- _What you should do_
For the entries below, the result should be an exact transcription of the lines from the one with "Stativhalterung und Schirmhalter" up to and including the one with "Mobile Bench Cabinet", and only those.

- _Source data_
● ● ● ● ●

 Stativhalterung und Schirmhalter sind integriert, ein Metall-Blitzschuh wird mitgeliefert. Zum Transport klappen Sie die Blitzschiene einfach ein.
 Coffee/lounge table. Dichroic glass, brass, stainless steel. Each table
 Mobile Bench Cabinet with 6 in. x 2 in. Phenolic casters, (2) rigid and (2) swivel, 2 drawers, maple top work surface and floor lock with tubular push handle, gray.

● ● ● ● ●

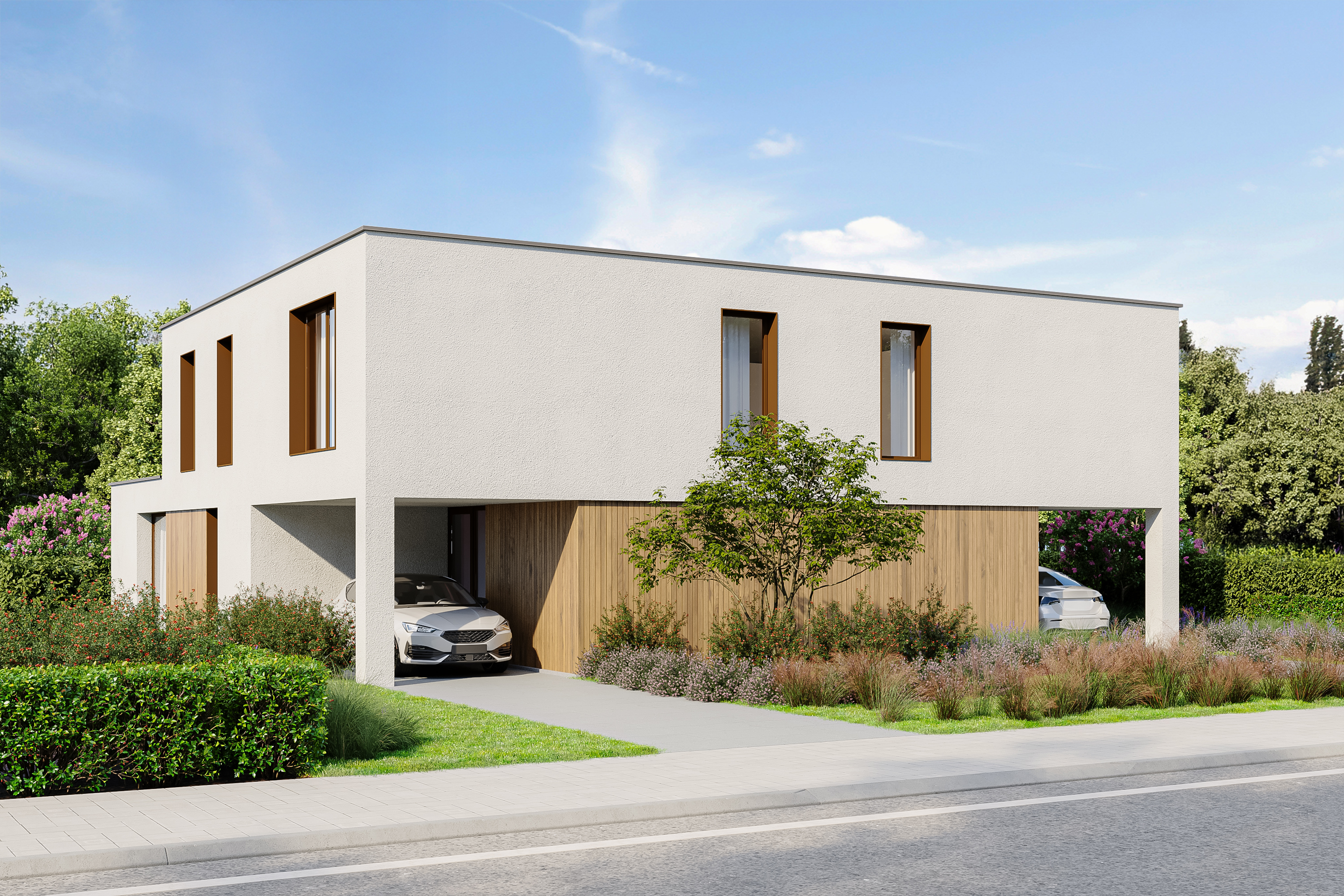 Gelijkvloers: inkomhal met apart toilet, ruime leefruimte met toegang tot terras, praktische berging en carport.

● ● ● ● ●

- _Task result_
 Stativhalterung und Schirmhalter sind integriert, ein Metall-Blitzschuh wird mitgeliefert. Zum Transport klappen Sie die Blitzschiene einfach ein.
 Coffee/lounge table. Dichroic glass, brass, stainless steel. Each table
 Mobile Bench Cabinet with 6 in. x 2 in. Phenolic casters, (2) rigid and (2) swivel, 2 drawers, maple top work surface and floor lock with tubular push handle, gray.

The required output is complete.